### PROVIDED RECORDS
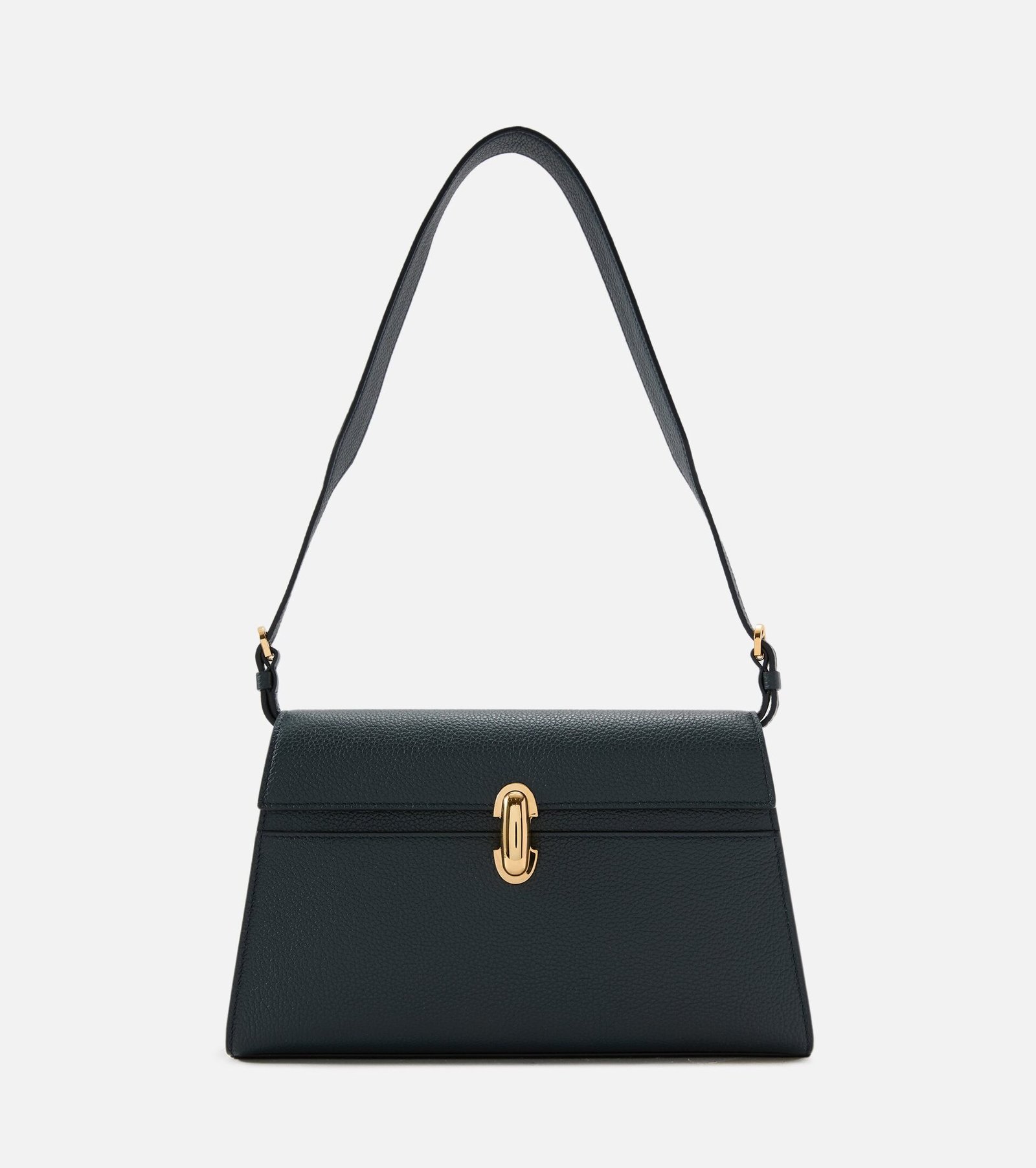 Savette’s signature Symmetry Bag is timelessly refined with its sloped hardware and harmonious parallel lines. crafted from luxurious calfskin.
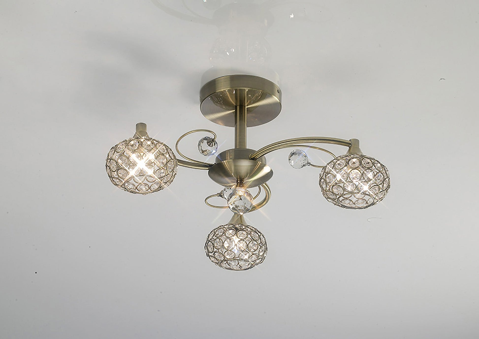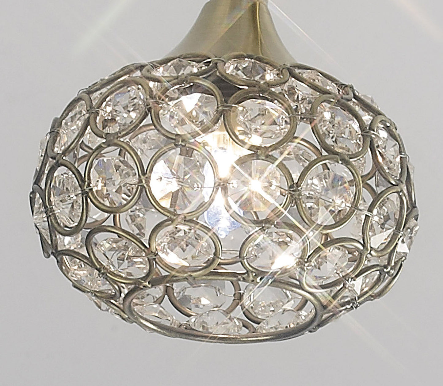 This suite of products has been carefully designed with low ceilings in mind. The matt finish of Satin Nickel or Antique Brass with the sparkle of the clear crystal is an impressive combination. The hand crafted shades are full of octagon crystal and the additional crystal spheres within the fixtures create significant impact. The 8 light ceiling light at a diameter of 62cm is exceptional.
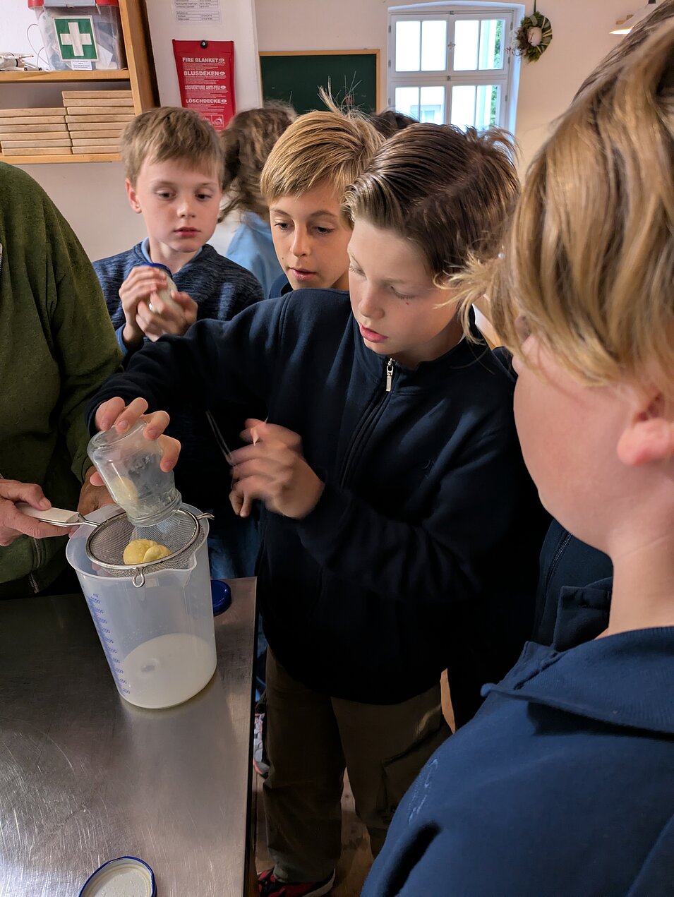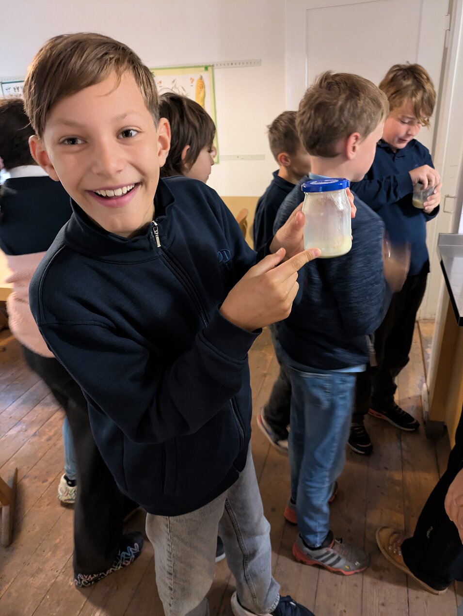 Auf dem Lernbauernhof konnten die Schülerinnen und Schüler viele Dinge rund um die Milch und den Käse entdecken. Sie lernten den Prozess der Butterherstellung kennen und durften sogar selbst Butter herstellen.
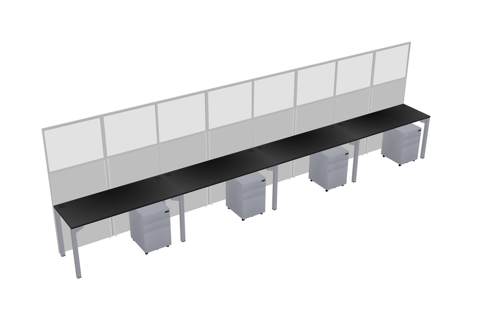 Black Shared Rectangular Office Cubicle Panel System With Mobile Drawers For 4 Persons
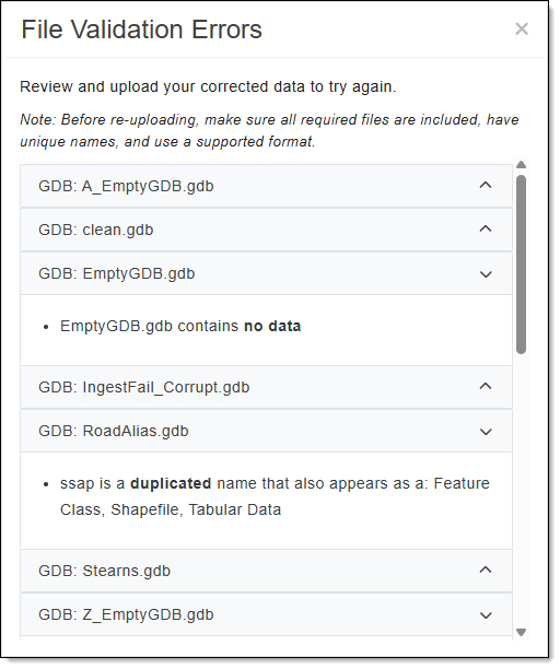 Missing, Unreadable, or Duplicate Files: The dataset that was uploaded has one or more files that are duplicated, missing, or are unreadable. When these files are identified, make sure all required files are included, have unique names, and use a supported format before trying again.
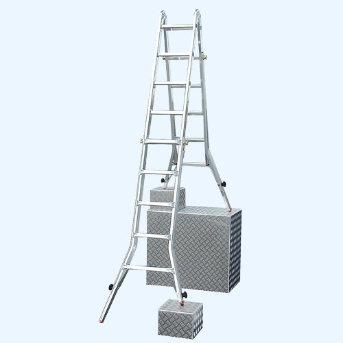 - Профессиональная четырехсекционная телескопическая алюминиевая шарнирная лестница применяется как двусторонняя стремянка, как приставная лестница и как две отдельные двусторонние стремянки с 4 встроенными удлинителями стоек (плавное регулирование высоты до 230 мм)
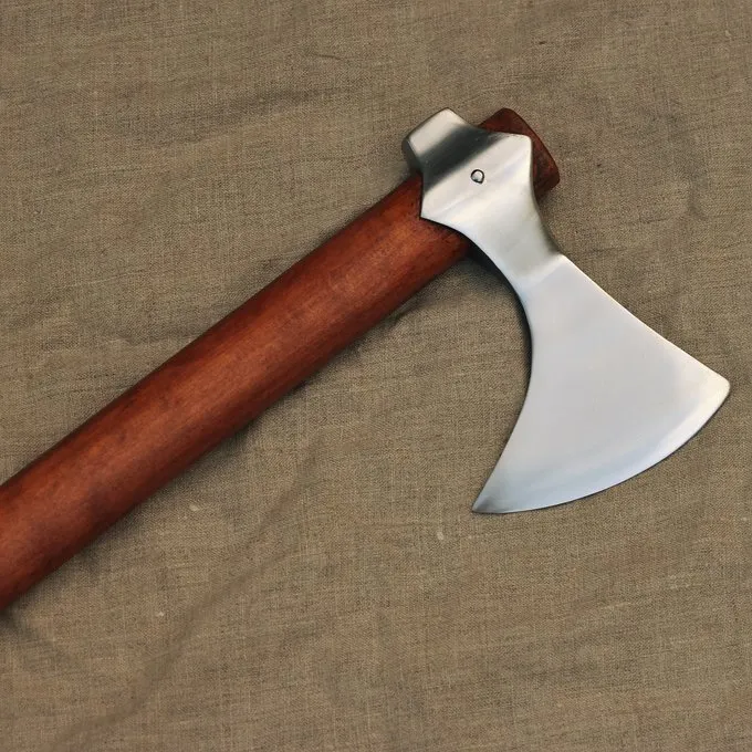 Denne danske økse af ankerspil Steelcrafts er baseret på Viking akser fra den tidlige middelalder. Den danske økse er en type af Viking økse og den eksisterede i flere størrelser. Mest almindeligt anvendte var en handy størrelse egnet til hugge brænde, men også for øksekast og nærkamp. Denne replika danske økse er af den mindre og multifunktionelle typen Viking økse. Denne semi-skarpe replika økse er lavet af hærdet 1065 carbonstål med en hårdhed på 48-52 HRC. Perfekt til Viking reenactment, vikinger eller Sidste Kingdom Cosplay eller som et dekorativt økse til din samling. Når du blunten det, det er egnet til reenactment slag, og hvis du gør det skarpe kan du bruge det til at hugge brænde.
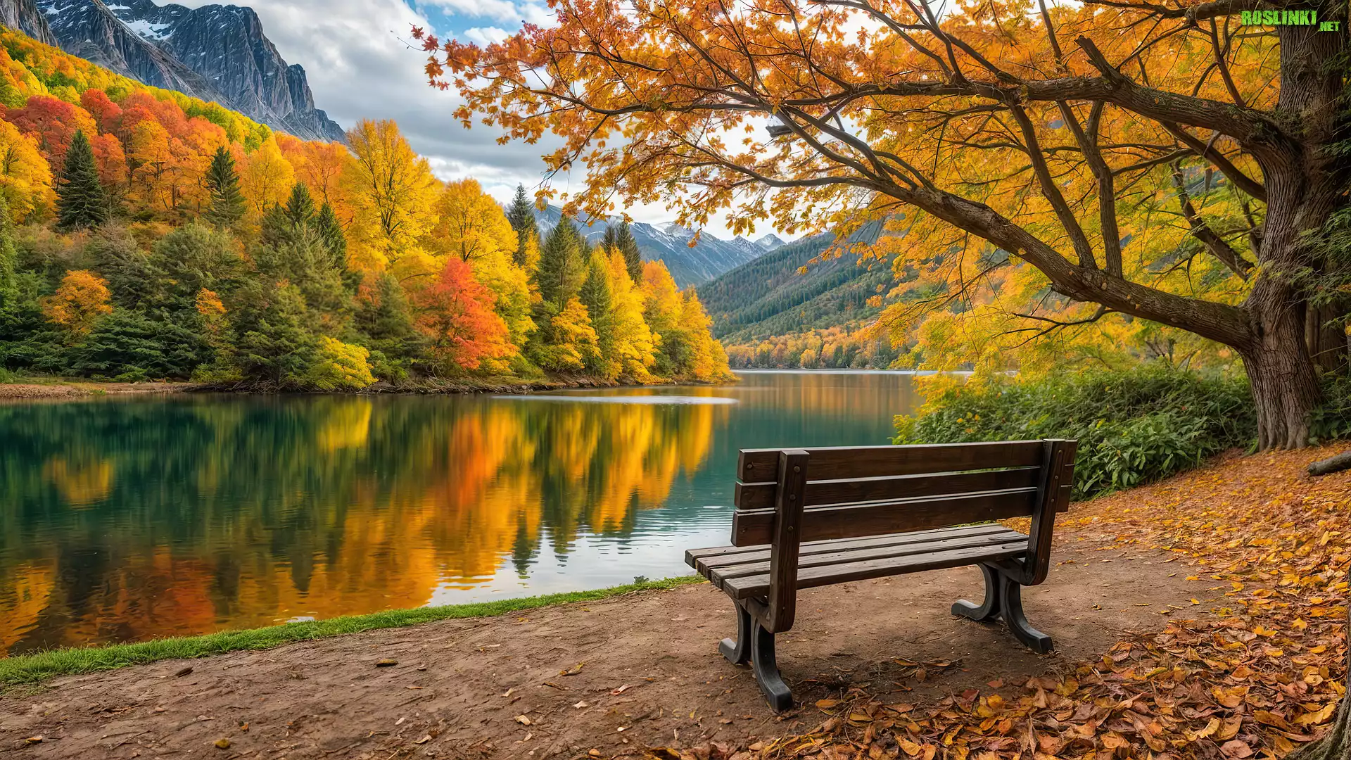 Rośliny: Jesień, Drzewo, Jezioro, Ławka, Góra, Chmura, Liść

### WHAT YOU WILL DO
Copy only what runs above from the line containing "Black Shared Rectangular" through the line containing "Denne danske økse", exactly. Leave out the pictures.

### FINISHED TASK
 Black Shared Rectangular Office Cubicle Panel System With Mobile Drawers For 4 Persons
 Missing, Unreadable, or Duplicate Files: The dataset that was uploaded has one or more files that are duplicated, missing, or are unreadable. When these files are identified, make sure all required files are included, have unique names, and use a supported format before trying again.
 - Профессиональная четырехсекционная телескопическая алюминиевая шарнирная лестница применяется как двусторонняя стремянка, как приставная лестница и как две отдельные двусторонние стремянки с 4 встроенными удлинителями стоек (плавное регулирование высоты до 230 мм)
 Denne danske økse af ankerspil Steelcrafts er baseret på Viking akser fra den tidlige middelalder. Den danske økse er en type af Viking økse og den eksisterede i flere størrelser. Mest almindeligt anvendte var en handy størrelse egnet til hugge brænde, men også for øksekast og nærkamp. Denne replika danske økse er af den mindre og multifunktionelle typen Viking økse. Denne semi-skarpe replika økse er lavet af hærdet 1065 carbonstål med en hårdhed på 48-52 HRC. Perfekt til Viking reenactment, vikinger eller Sidste Kingdom Cosplay eller som et dekorativt økse til din samling. Når du blunten det, det er egnet til reenactment slag, og hvis du gør det skarpe kan du bruge det til at hugge brænde.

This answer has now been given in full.